The Working Party also noted CIE's conclusion that consumer willingness to pay a 0.15% surcharge on their purchases from travel agents to preserve the security benefits of the TCF scheme would demonstrate benefit to them sufficient, when combined with the $2.7M in directly quantified benefits, to balance the costs of the scheme. That is only 15 cents on every $100 or $2.40 on a payment of $1,600 (the average claim figure used by CIE).

While it is dangerous to presume to know how people would decide if a particular choice were really available to them, it seems likely that most consumers would be willing to pay considerably more than this - indeed, at least twice as much would probably be thought reasonable - for the combined benefits of guaranteeing recompense should defalcation occur and maximising their chances of travelling as planned even if the agent fails to pay the principals.

Also, there are clearly some benefits in the current TCF scheme in terms of failures prevented, even if the TCF suggestion of $11 million7 is inflated and CIE is correct in seeing $5.4M as an arbitrarily generous estimate.

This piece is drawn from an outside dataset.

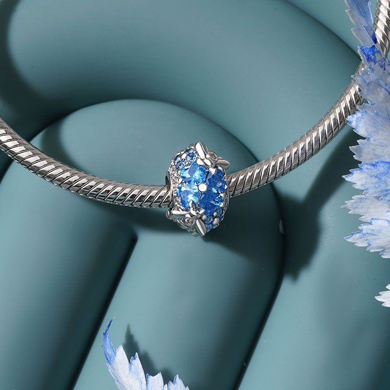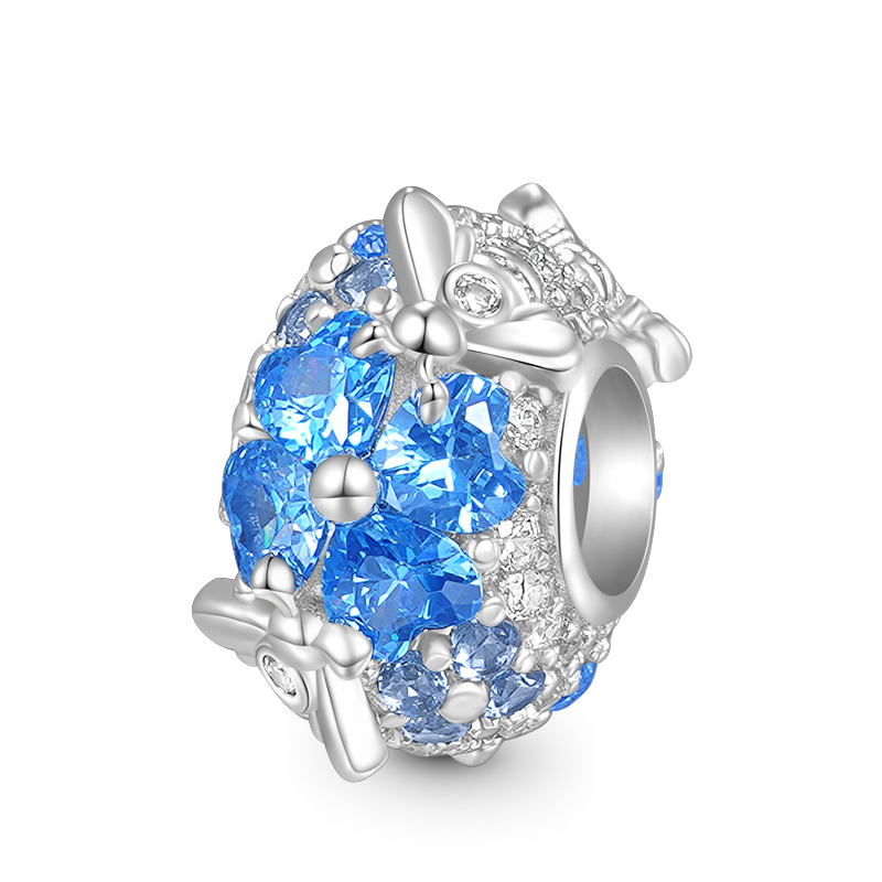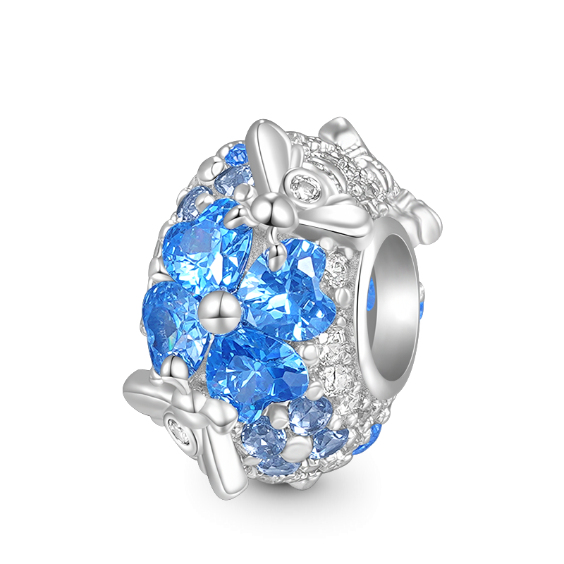 Inspired by the honey bee and four-leaf clover, which symbolizes hope and luck. Handcrafted in 925 sterling silver inlaid with clear & blue CZ stones, the honey bee sparkling in the light is said to transmit happiness and joy as a sun dancer. Wear this charm on your wrist, to remind you that nothing is impossible if you are trying to have a dream.

On this basis, it is reasonable to conclude that the benefits of current TCF arrangements in protecting pre-payments, outweigh its costs.

Notably, CIE acknowledged the difficulties arising in estimating benefits and costs, admitting that many were impossible to measure and that "a fuller accounting might turn the finding around...."8

Although the Working Party was persuaded that the benefit of retaining existing TCF arrangements outweigh its costs, it nevertheless concurred with CIE's view about the need for reform of the TCF premium structure and its prudential and reporting requirements.

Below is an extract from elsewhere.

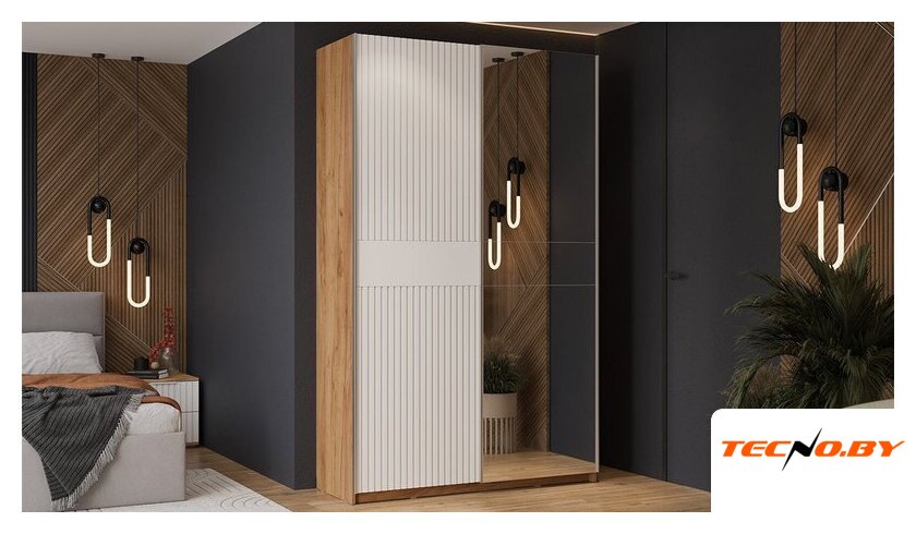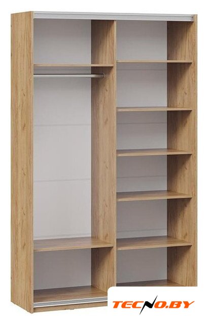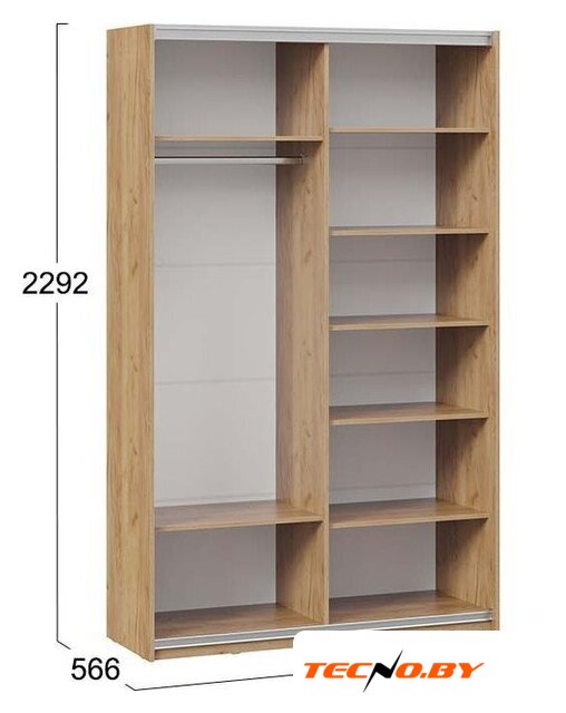 шкаф-купе, для жилой комнаты/для спальни, трехдверный, наполнение платяное, зеркало, цвет: дерево с яркой текстурой/белый, 176.5x58.8x229.2 см

Although it may be argued that reform of the TCF through the political process fails to test the potential benefits of open competition, it was the Working Party's view that in the current insurance environment, a review of current TCF requirements should be undertaken by direction of the Ministerial Council as this would provide a more certain outcome.

The Working Party supports model 2.

Model 3 - Opening the TCF to competition

CIE View

Under model 3, agents would be given a choice between taking out private insurance or joining the TCF. TCF would operate on a competitively neutral basis with respect to private insurers with all insurers being required to provide the same level of cover.

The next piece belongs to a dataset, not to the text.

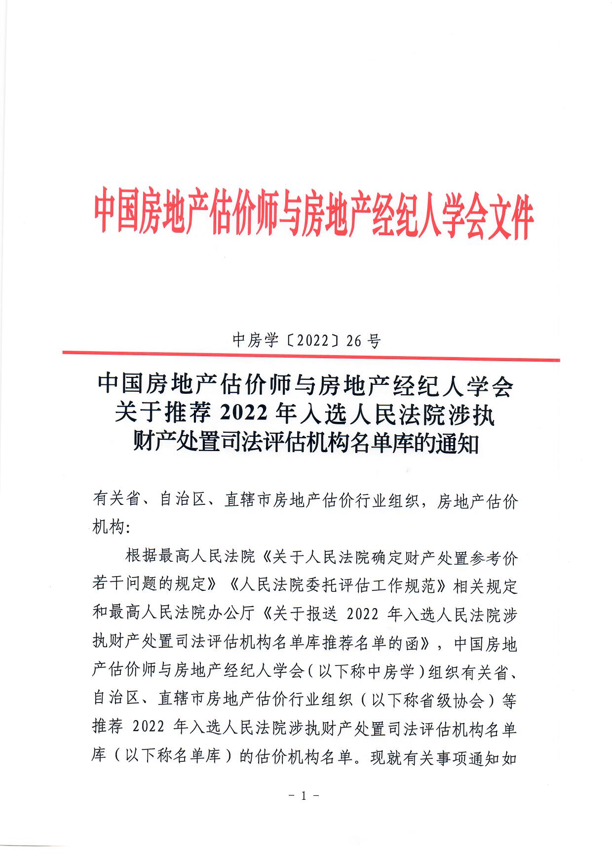 轉(zhuǎn)發(fā)中房學(xué)《關(guān)于推薦2022年入選人民法院涉執(zhí)財產(chǎn)處置司法評估機(jī)構(gòu)名單庫的通知》

Model 3 was compared by CIE, to the Zuellig scheme which was partially implemented in the Northern Territory (in 1996). The scheme was never fully implemented as agents were ineligible to join the TCF.

Model 3, the preferred model of CIE, was viewed as enjoying all of the advantages of the private insurance model (model 1) while ensuring the continued operation of the TCF as a fall back position for governments should the private market not materialise. More particularly CIE felt that the TCF would be forced to respond to competitive pressures and adopt practices that are more risk reflective.

Working Party View

As with the private insurance model, the Working Party noted that the feasibility of model 3 is predicated on the assumption that there is a willingness to supply private insurance. As previously indicated, having regard to recent developments in the insurance market, particularly in the area of home builders warranty insurance, the Working Party felt that a market to provide travel agents insurance cannot be readily assumed.

The Working Party felt that CIE underplayed problems inherent in model 3. The most significant problem, in the Working Party's view, was the very real danger of private insurers providing cover for only those travel agents who present a lesser risk, leaving high-risk operators for the TCF to "pick up" thereby threatening TCF's long term viability. In the absence of Government support, the national compensation scheme would then be entirely dependent on private insurers remaining in the market. Inducements to remain in the market may compromise the rights of consumers either contractually or with Government support (such as statutory capping of claims) and could undermine consumer confidence in the travel industry.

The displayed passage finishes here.